Licensing activity for the past twelve months has been extremely
positive, with the finalisation of the AVX license and the
broadening of the Murata agreement. CAP-XX licensed its patents to
AVX on a non-exclusive basis for a range of prismatic and
cylindrical sizes of supercapacitors. Under the terms of the
licence, CAP-XX will receive annual licence fees, plus quarterly
guaranteed minimum royalty payments, over a three-year period
denominated in Sterling, reflecting the fact that CAP-XX is quoted
on AIM. Thereafter, CAP-XX will receive a 5% royalty for the life
of the patents, with the royalty being based on the volume of sales
of supercapacitors sold by AVX covered by CAP-XX patents. The
initial licence fee of GBP1 million, which has been booked as
revenue in the FY16 financial year, was paid by AVX in early July
16, with the first royalties under this licence already having been
received. For the Company, the AVX licence deal is very
significant. Not only does it provide further validation of the
strength of the CAP-XX intellectual property but it also validates
our belief that the Company can successfully monetise the value of
this intellectual property in ways other than through direct
product sales. In addition, this agreement opens up new income
streams and sales markets for CAP-XX and new possibilities for
ongoing collaboration.
In April 2016, Murata and CAP-XX reached agreement to broaden
the existing licence agreement to include battery markets and
additional supercapacitor sizes. Following this agreement, Murata
announced in late June 16 that it was launching a range of lithium
ion batteries. Murata has confirmed that mass production of the new
device commenced in June 2016 and that it plans to expand its
product line-up to meet future demand for large capacity devices.
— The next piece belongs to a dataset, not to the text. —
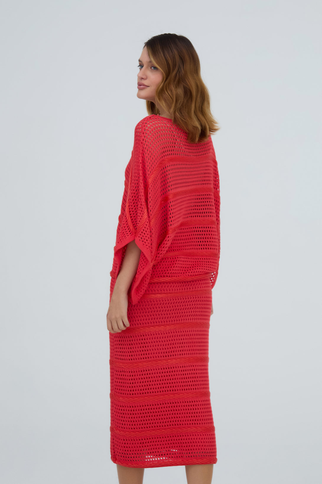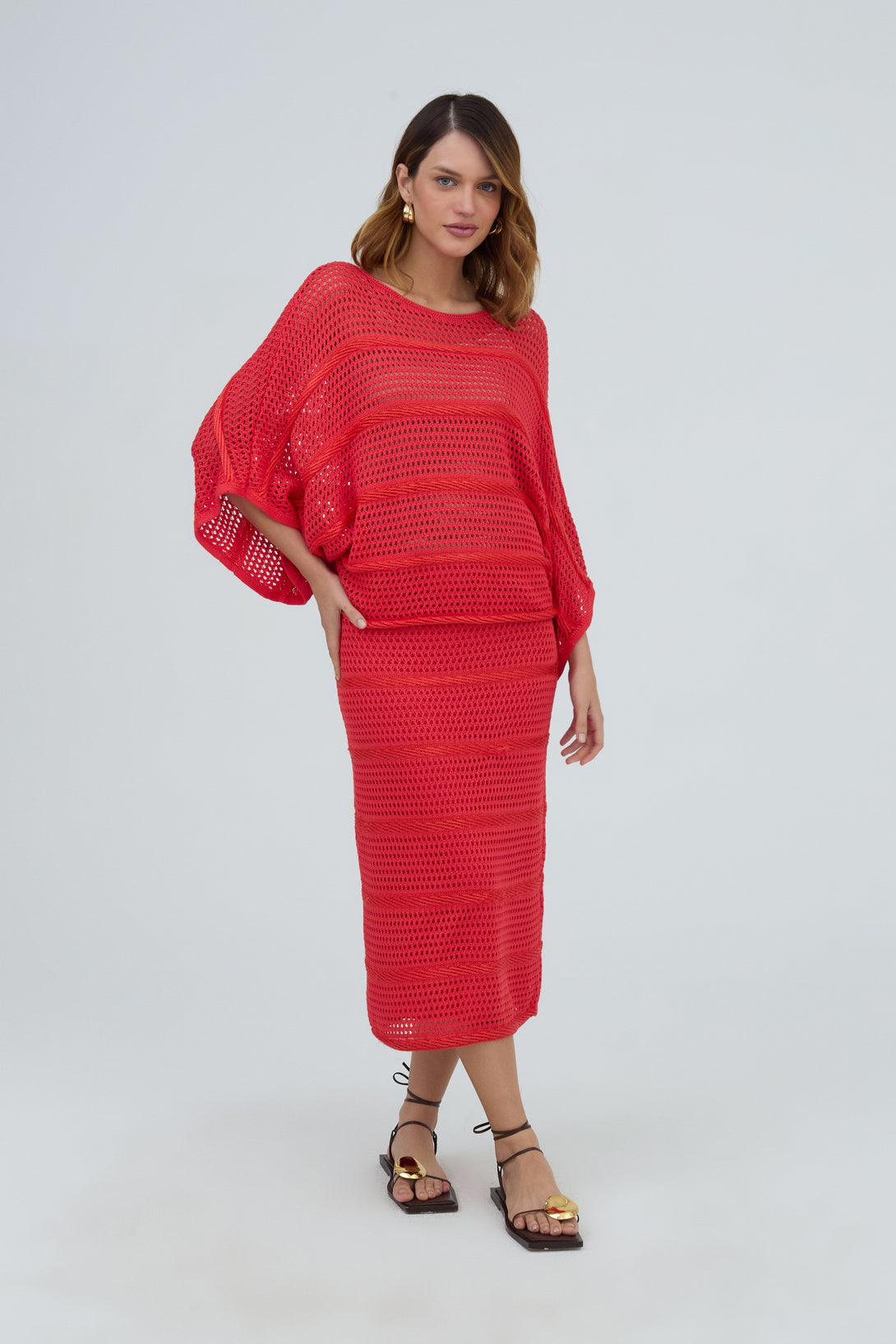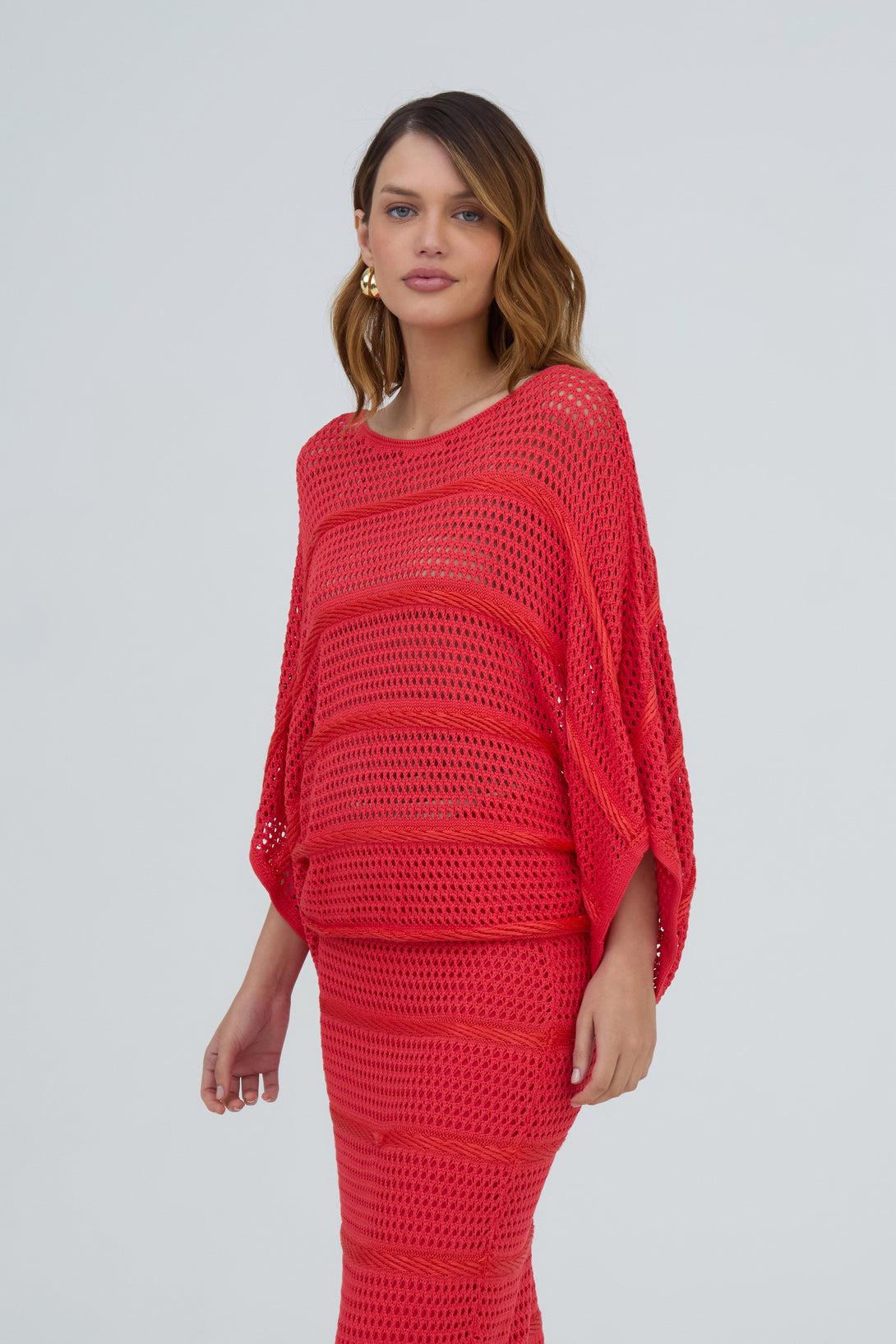Blusa Manga Ampla Detalhe Ponto Corda Em Tricot Vermelho Carmim

Royalty payments from Murata continue to grow with total royalties
for the year ended June 16 totalling A$238K. This is the second
successive year that Murata's royalties have doubled from the
previous year (2015: A$108K). The Board remains confident that the
cash flow from Murata's royalty stream will continue to grow.
Total sales revenue for the year to 30 June 16 increased by
A$0.6 million to AUD$5.0 million compared to A$4.4 million in 2015.
The CAP-XX sales revenue has also seen a significant shift in mix.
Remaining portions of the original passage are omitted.